HASAKAH – The Syrian Kurds on Tuesday took control of most of the city of Hasakah in a battle that lasted for seven days.
Several negotiations took place to stop the fighting between the Syrian regime and the Kurds, but they did not succeed to stop the fighting until Tuesday reaching a ceasefire agreement.
During seven days of clashes, regime jets carried out air strikes for three consecutive days and without air strikes the Syrian government forces were not able to resist Kurdish advances that took control of around 90 to 95 per cent of the city.
US-led coalition jets prevented in the past few days Syrian regime jets from striking Kurdish positions. However, sounds of regime helicopters and unidentified air planes remained in the sky of Hasakah in northeastern Syria.
The agreement said that all the Syrian troops and affiliated militias had to withdraw from Hasakah city and that areas captured by the Kurdish People’s Protection Units (YPG) would stay under their control. Most likely they will be replaced by civil police.

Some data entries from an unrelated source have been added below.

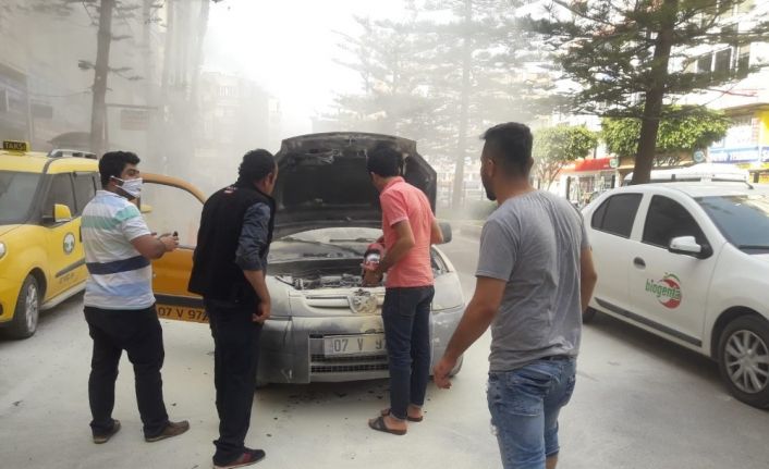 Antalya’da park halindeki taksi alev aldı. Çevredeki vatandaşların yangın tüpleriyle müdahale ettiği araç söndürüldü.
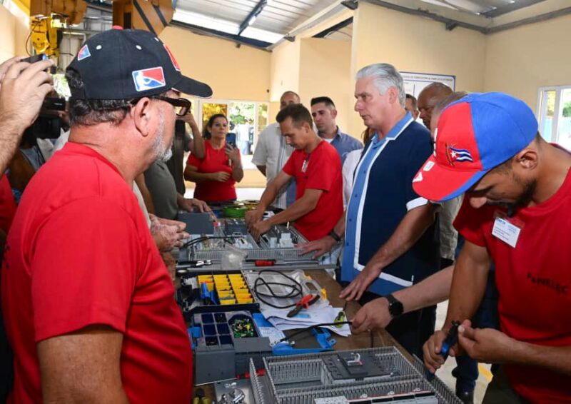 El presidente y el primer ministro conocieron también de la experiencia de la mipymes estatal Panelec, dedicada a la fabricación de paneles eléctricos, donde con apenas 21 trabajadores con sus producciones logran ahorrar hasta un 50 por ciento en el costo con respecto a los paneles solares importados.
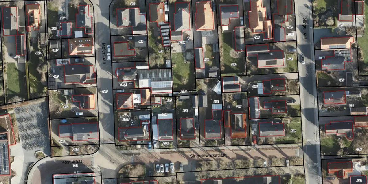 Gebruik de zoekbalk of klik op een perceel om informatie over het perceel te bekijken.
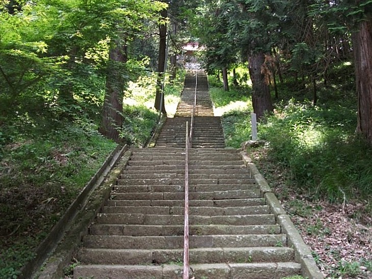 舞殿の平場から本殿までは急な石段を約100m登る。手摺りはあるが少々息が切れる。
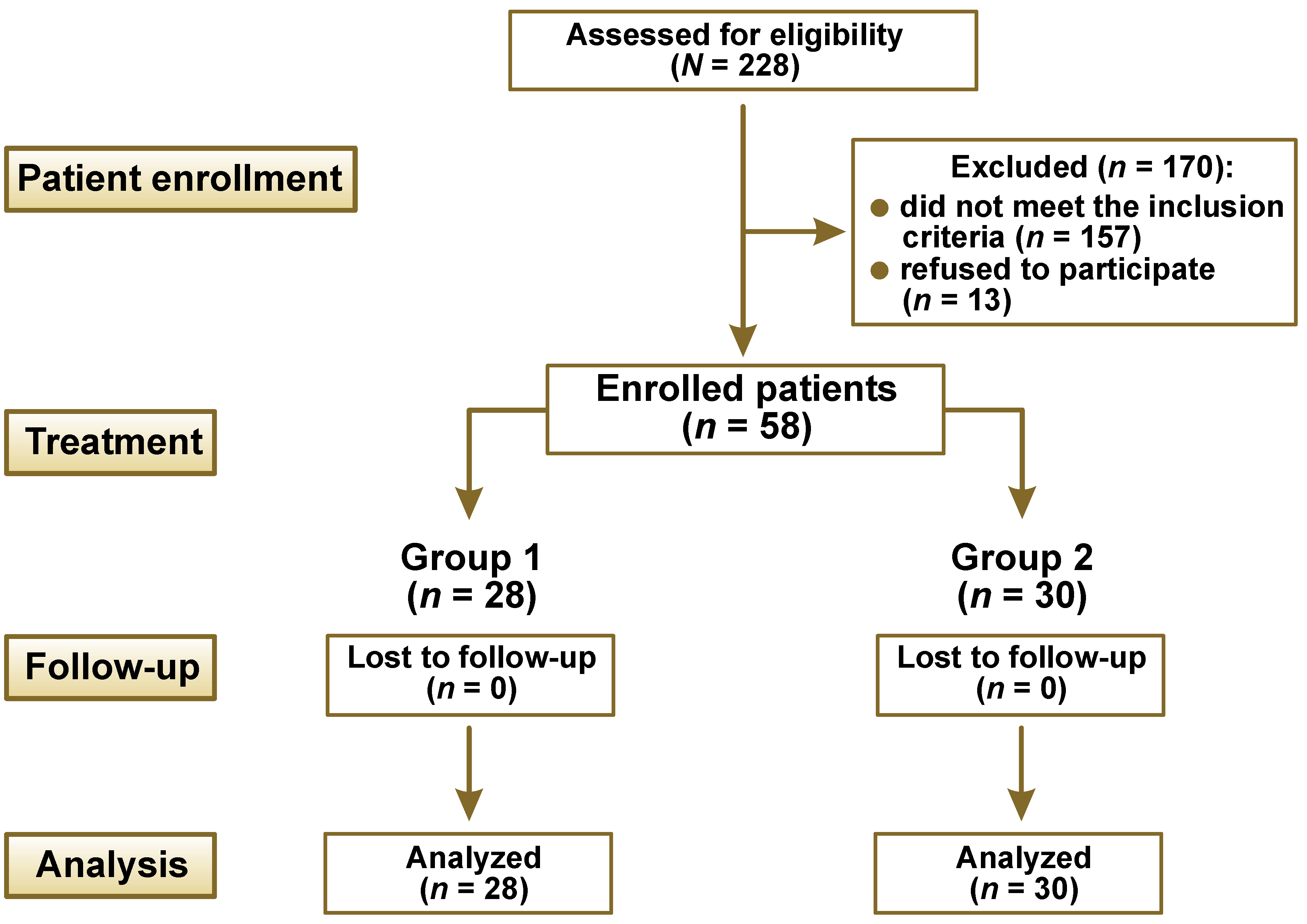 Patients were randomly allocated according to the random number table, employing the blocking type method with a block size of 4 and a range of numbers from 1 to 100. The table was designed by one of the researchers (MSki), who was not initially aware of the clinical trial design. After randomization, the sample comprised 12 male and 16 female subjects in the 1st group, and 16 male and 14 female participants in the 2nd group.
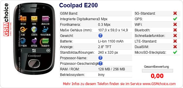 Hast du eigene Webseite? Willst du die Informationen über Standarddaten des Handys Coolpad E200 irgendwo veröffentlichen? Das ist sehr einfach. Du kannst das Bild herunterladen oder kopieren und auf der Webseite folgenden Code hinzufügen:Das Einfügen von diesem Code verursacht das Anzeigen von dem folgenden Bild:
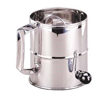 Flour Sifter, rotary, 3 lb. capacity, 6-1/8" dia., 6-1/8" high, 18/8 stainless steel
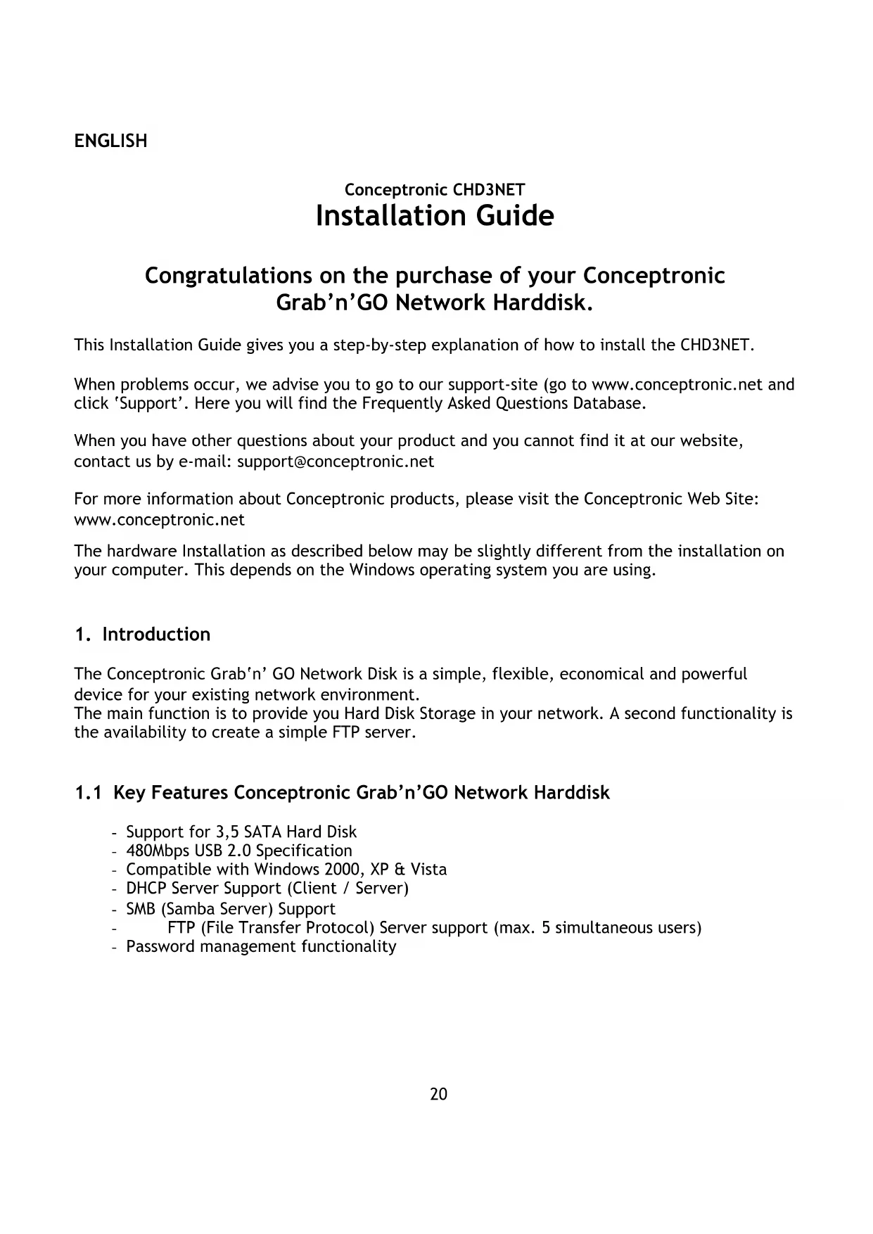 Conceptronic CHD3NET Installation Guide Congratulations on the purchase of your Conceptronic Grab’n’GO Network Harddisk. This Installation Guide gives you a step-by-step explanation of how to install the CHD3NET. When problems occur, we advise you to go to our support-site (go to www.conceptronic.net and click ‘Support’. Here you will find the Frequently Asked Questions Database. When you have other questions about your product and you cannot find it at our website, contact us by e-mail: support@conceptronic.net For more information about Conceptronic products, please visit the Conceptronic Web Site: www.conceptronic.net The hardware Installation as described below may be slightly different from the installation on your computer. This depends on the Windows operating system you are using.

Speaking to ARA News, YPG fighter Abdulsalam Omer (20) said that only the security square is in the hands of the Syrian government, and confirmed that many Arab fighters joined the Kurdish-led Asayish security force and the People’s Protection Units (YPG).
“We joined to protect our honour, land and people,” he said.
The truce also stressed that both sides should release their prisoners, open roads that were closed because of clashes, and civil servants that were fired to be reinstated in their jobs.
“Yesterday night we have reached a ceasefire agreement,” Ismail Rasho, a YPG official told ARA News in Hasakah. “Only the security square is left, the rest of the city is liberated like Gweran and Nashwa districts.”
“There is not much left for the regime, only the municipality area,” he added.
The Kurdish forces were helped by the fact that the Syrian regime jets couldn’t strike the forces–that have been backed by US-led coalition jets in the fight against ISIS.
“From the beginning the regime jets carried out strikes for two or three days, but after that they stopped,” Rasho said.
Sheikh Salih Obeid, an official in the YPG military relations office, thanked the Americans for their indirect support. “I also thank President Obama,” he said.